Speaker inilah yang menyambut kami pertama kali saat bertandang ke ruangan audio milik pak Sahardjo (nama Indonesia dari seorang penikmat audio kelahiran Italia. Tadinya kami kira ini speaker buatan tangan orang Indonesia (DIY) karena bentuknya yang kotak dan belum difinishing.

Speaker ini ditempatkan di ruang keluarga, bersanding dengan sederet sistem seperti power tabungnya D’Audio dan integrated amplifier Elektra E1 dari Musical Fidelity, turntable Linn Sondek LP12, integrated amplifier Sansui A-5.

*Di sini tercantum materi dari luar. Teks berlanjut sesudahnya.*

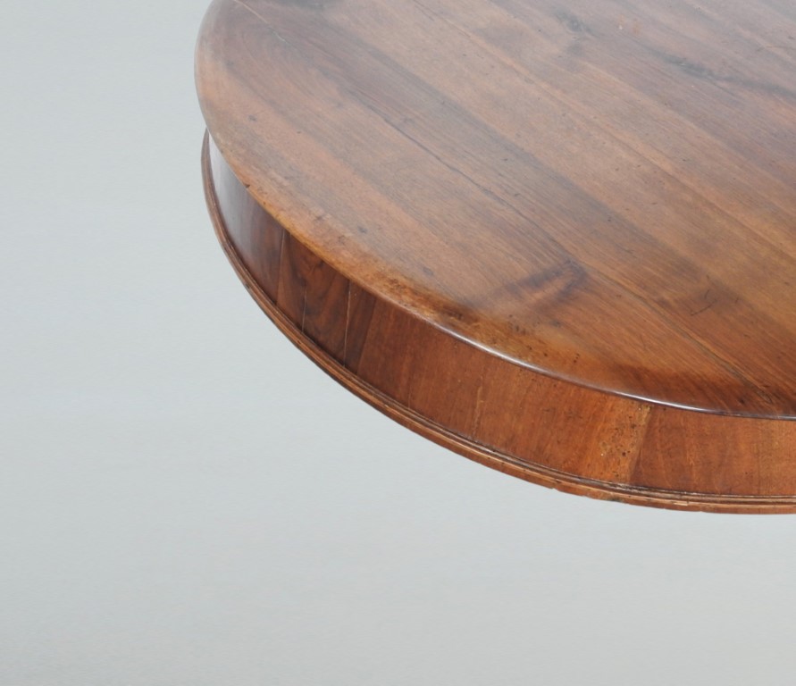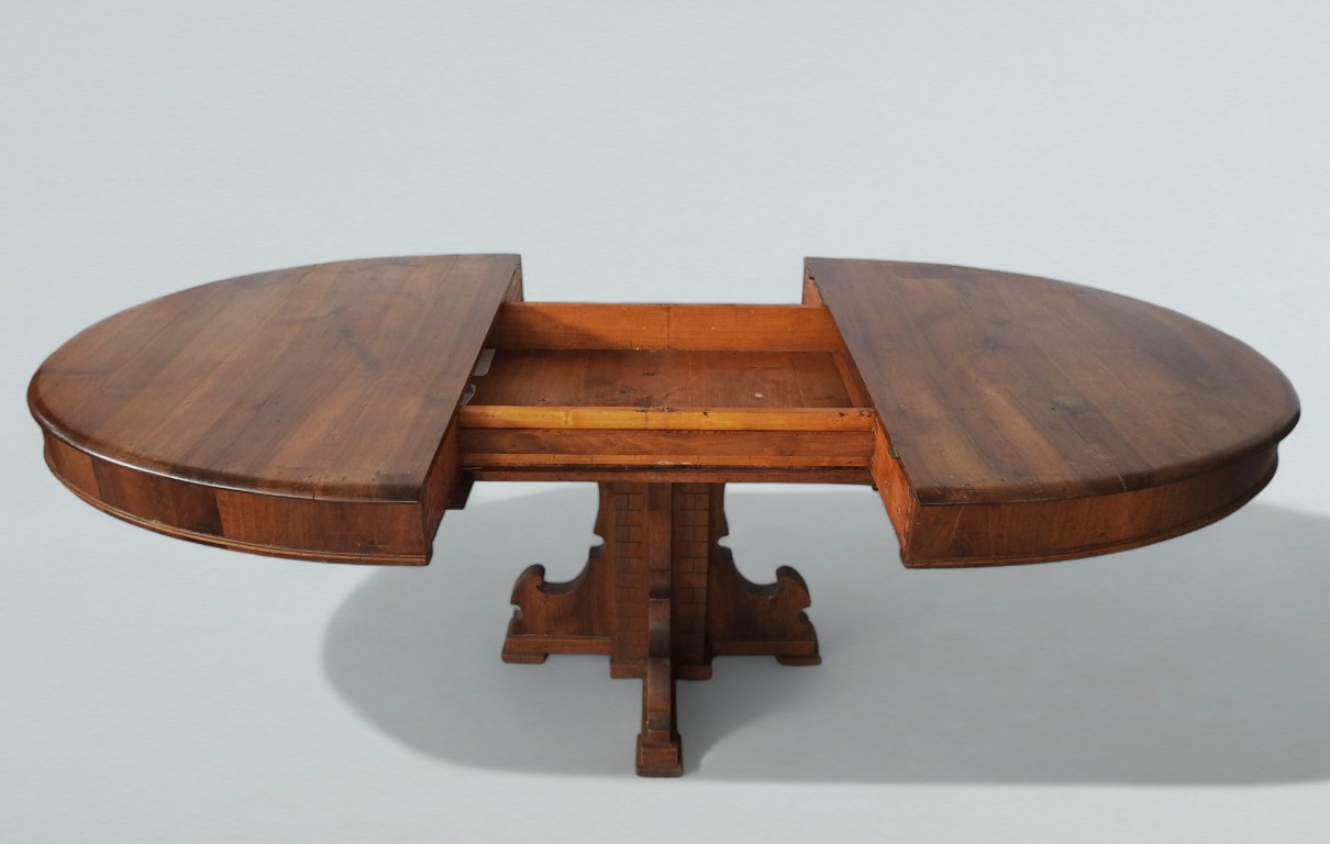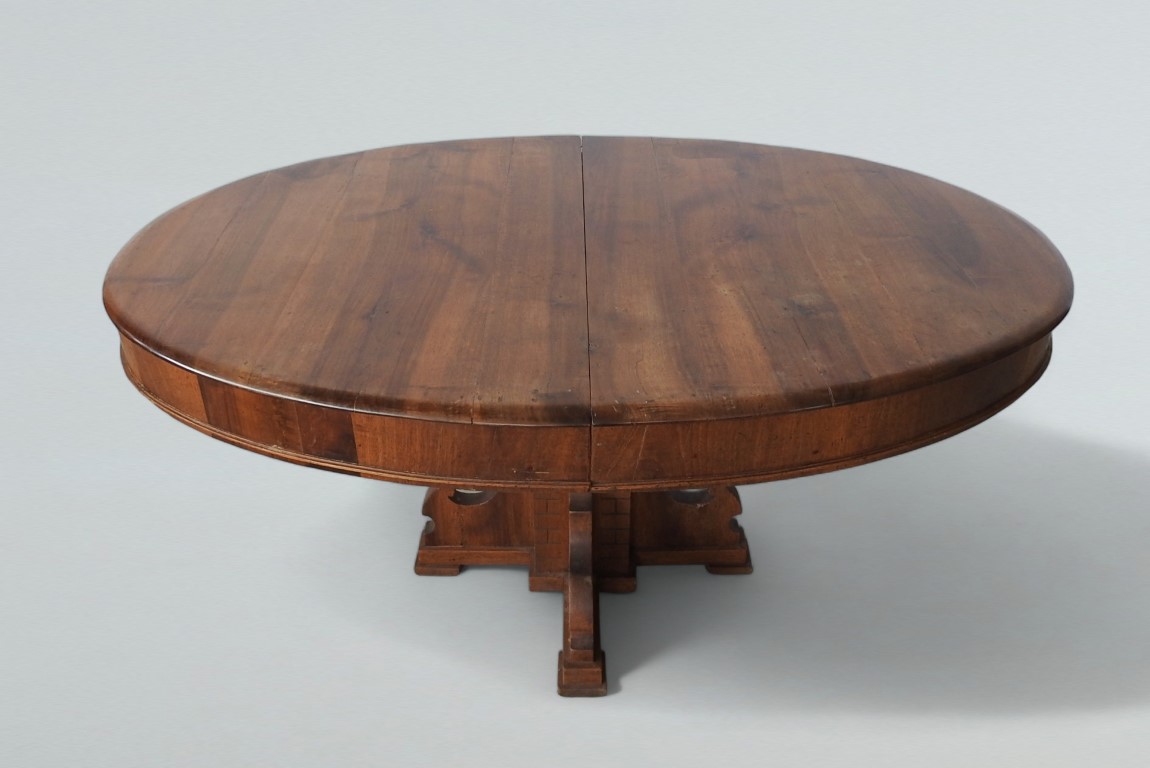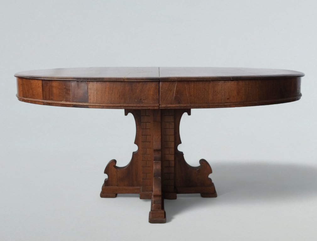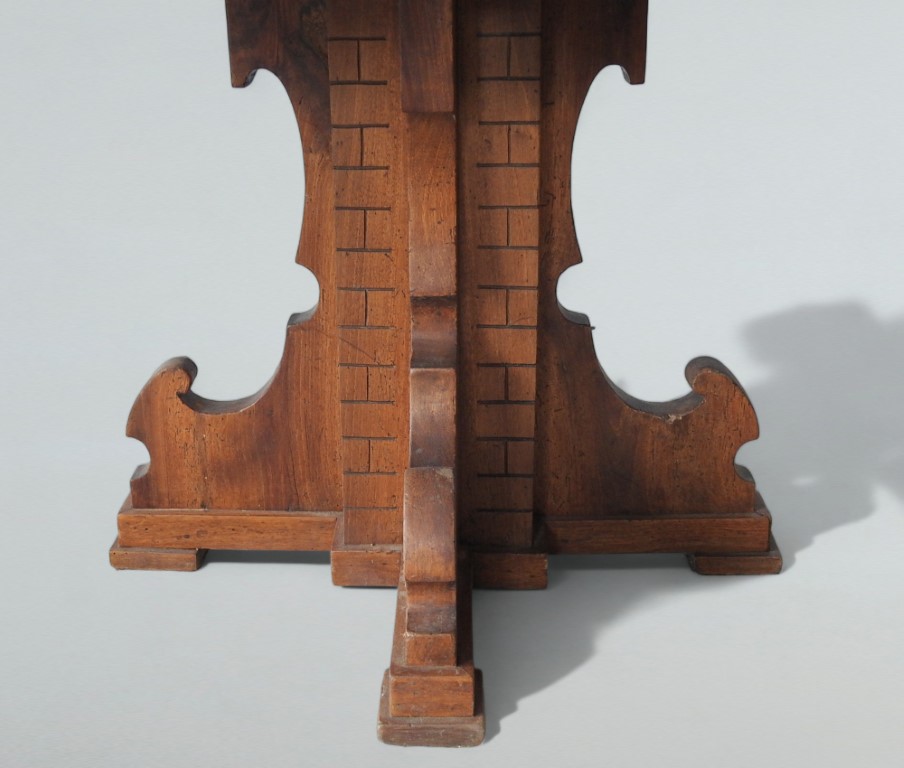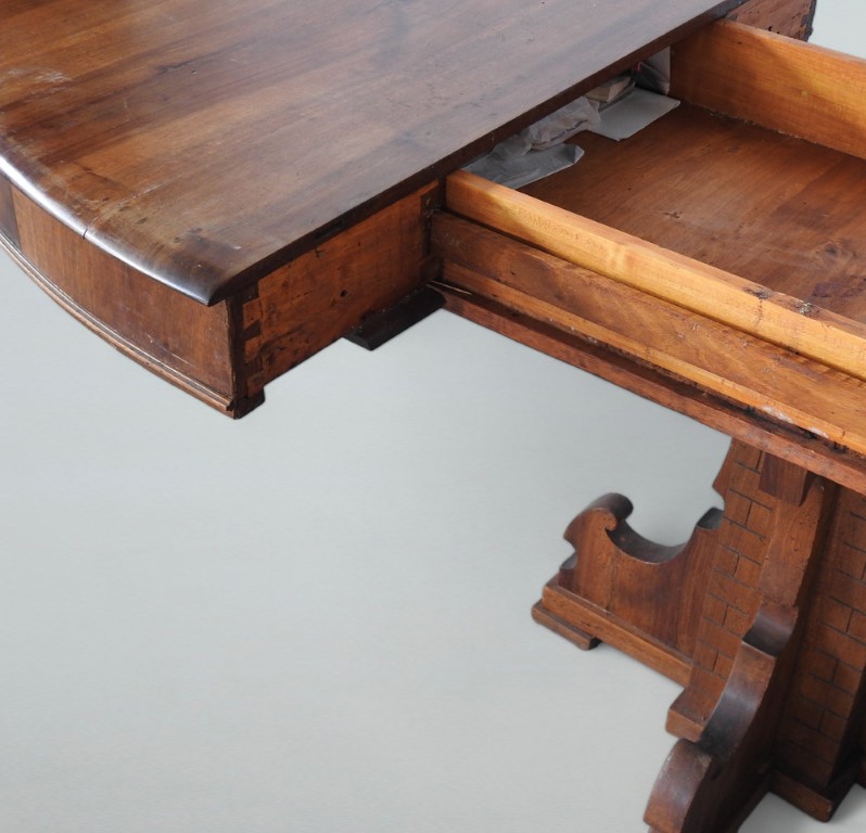 piano ovale, basamento a plinto a finti mattoni, su zampe a voluta

Heresy inilah yang menarik perhatian mata kami setelah powernya D’Audio (yang ini karena kami akrab dengan desainernya). Ini memang sistem utama Saharjo dan juga bukan ruang utama musiknya, karena ruang utamanya ada di lantai atas dengan sistem yang jauh lebih serius. Disini dia mendengarkan melalui laptop yang terhubung ke Musical Fidelity dengan memakai kabel RCA. Yah, untuk sementara, karena dia punya rencana membangun sistem ini dengan lebih serius. Sempat dia mengatakan nantinya ingin punya sebuah DAC dan streamer, sehingga dia bisa main musik hanya dari komputer dan henpon.

Jadi bagaimana pendapat sang pemilik akan speaker ini?

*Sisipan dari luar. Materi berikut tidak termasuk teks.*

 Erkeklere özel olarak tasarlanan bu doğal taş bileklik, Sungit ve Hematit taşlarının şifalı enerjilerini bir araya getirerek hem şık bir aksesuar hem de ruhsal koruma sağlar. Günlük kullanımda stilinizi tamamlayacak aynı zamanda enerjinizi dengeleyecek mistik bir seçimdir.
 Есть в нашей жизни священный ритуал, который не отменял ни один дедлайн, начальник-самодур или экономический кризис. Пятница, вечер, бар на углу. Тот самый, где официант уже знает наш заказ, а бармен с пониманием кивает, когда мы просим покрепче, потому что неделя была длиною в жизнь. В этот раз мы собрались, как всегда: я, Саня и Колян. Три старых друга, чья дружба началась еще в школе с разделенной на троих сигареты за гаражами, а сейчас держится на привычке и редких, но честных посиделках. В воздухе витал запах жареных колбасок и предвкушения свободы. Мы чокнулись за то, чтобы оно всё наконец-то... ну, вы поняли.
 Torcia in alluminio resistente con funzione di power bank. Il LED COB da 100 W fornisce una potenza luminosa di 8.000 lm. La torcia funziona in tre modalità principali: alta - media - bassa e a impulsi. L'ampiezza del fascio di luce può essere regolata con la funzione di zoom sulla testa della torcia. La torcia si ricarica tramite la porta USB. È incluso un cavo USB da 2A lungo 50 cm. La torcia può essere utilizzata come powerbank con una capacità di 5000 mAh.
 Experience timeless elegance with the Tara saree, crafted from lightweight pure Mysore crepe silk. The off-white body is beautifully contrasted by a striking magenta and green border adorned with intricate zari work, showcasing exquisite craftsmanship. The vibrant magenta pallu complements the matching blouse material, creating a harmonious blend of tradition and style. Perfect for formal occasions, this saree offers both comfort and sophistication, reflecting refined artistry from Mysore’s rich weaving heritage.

Menurutnya, ini termasuk speaker yang sangat sensitive. Jadi menurutnya butuh partner yang benar benar cocok. Salah satunya adalah dengan pre amplifier Primaluna yang digunakannya di ruang utama di lantai atas. Sesuai singkatannya BR yang merupakan kependekan dari Birch Raw, maka tak usah heran kalau dia tidak difinishing, karena sifatnya ‘raw’ atau mentah. Kami ketuk ketuk, kayunya memang bukan kayu solid, tetapi menurut Saharjo speaker ini kuat dan suaranya menurutnya ‘particular’. Unik. Tak heranlah bila dia kurang cocok menurutnya dengan semua musik. Paling bagus untuk vokal dan genre jazz. Ada juga yang berpendapat, bassnya kecil atau bahkan loyo, tetapi menurut Saharjo, bassnya oke oke saja. Kami cari info Heresy ini di internet, dan memang ada beberapa, seperti anda lihat di brosurnya Klipsch berikut ini.
Dia ingat, dahulu membelinya dari seorang pebisnis audio yang jualannya di sosial media, mr. Efendi. Dia kesana dan dengar suaranya, dia naksir. Harganya pun dia yakini oke. Sebelumnya, Saharjo adalah seorang pehobi audio yang memulai hobinya di tahun 80-an. Speaker pertamanya saat dulu adalah Bose 301 Series 2.
Ada yang berpendapat, ini adalah speaker yang cukup banyak disukai di sekitar tahun 80-90an, dan banyak digunakan untuk musik akustik live. Seorang penyukanya mengatakan demikian,“They sound very good but have a decent amount of wear from being lugged around”.
Ada yang lebih menarik tentu, yakni bahwa Saharjo punya sebuah bernilai cukup tinggi dan pernah mengukir sejarah tersendiri di zamannya, walau mungkin namanya tidak sesanter speaker legendaris seperti Rogers LS3/5A.